Run competently and honestly (an extraordinarily lengthy and costly affair), a Royal Commission could potentially unearth some of the deep structural causes. Potentially. But who would be chosen as Commissioner? The judiciary and (ex-judiciary) is equally complicit. A large pool of ex-judges could be guaranteed to deliver a whitewash desired by the system.

Back in the real world, there is close to zero prospect of getting a Royal Commission into banking corruption. Zero.
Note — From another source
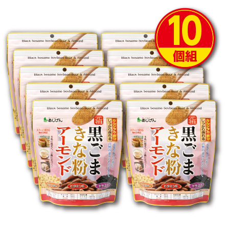 味源 黒ごまきな粉アーモンド 300g 新登場 送料無料 10個組 チャック袋仕様 保存料・香料・着色料不使用 ゴマ 胡麻 きなこ セサミン 大豆イソフラボン 食物繊維 カルシウム 鉄分 ビタミンE ビタミンB1 健康 食品 あじげん

The current banking inquiry, contrary to my immediate inference from the 13 November hearings, has since shown some signs of life, of promise. In particular, an additional hearing was scheduled for 16 February, and yet another mooted for 4 April in which CBA personnel will be called upon to account further for their institution’s behaviour and for the past misrepresentations of the personnel themselves. This additional grilling is unprecedented.

But parliamentary inquiries have no powers. My money is on the likelihood that governments of any persuasion will do nothing, and will produce platitudes to hide their inaction. The CBA will be called on to investigate a compensation scheme — which will, true to form, turn into a farce.

The CBA’s culture, entrenched in criminality, insouciance and defiance, is amply demonstrated in CEO Ian Narev’s response to current disclosures of the diabolical CommInsure fraud (4 Corners, 7 March 2016).

In spite of the enormity of this and previous scandals, it is my estimation that the Commonwealth Bank and its peers can remain confident that their entrenched racketeering will be certified, even if de facto, as A-OK.

The fact that the CommInsure CEO and Board haven’t been sacked immediately by Narev, and Narev hasn’t been in turn sacked by the CBA’s Board Chairman David Turner, with Turner subsequently falling on his sword (the entire CBA Board following suit?), highlights that they’re there for the long haul. No worries.

The adverse consequences are profound. Along with the public’s thwarted attempts to safeguard its future in the disposition of its savings, the much-praised entrepreneurial spirit can never flourish in Australia as long as it can be readily extinguished by corporate criminal cabals, the latter confident that they will never be brought to heel.

This is the final in an Independent Australia six-part series analysing ongoing bank corruption and ineffectual parliamentary inquiries, as victims remain uncompensated.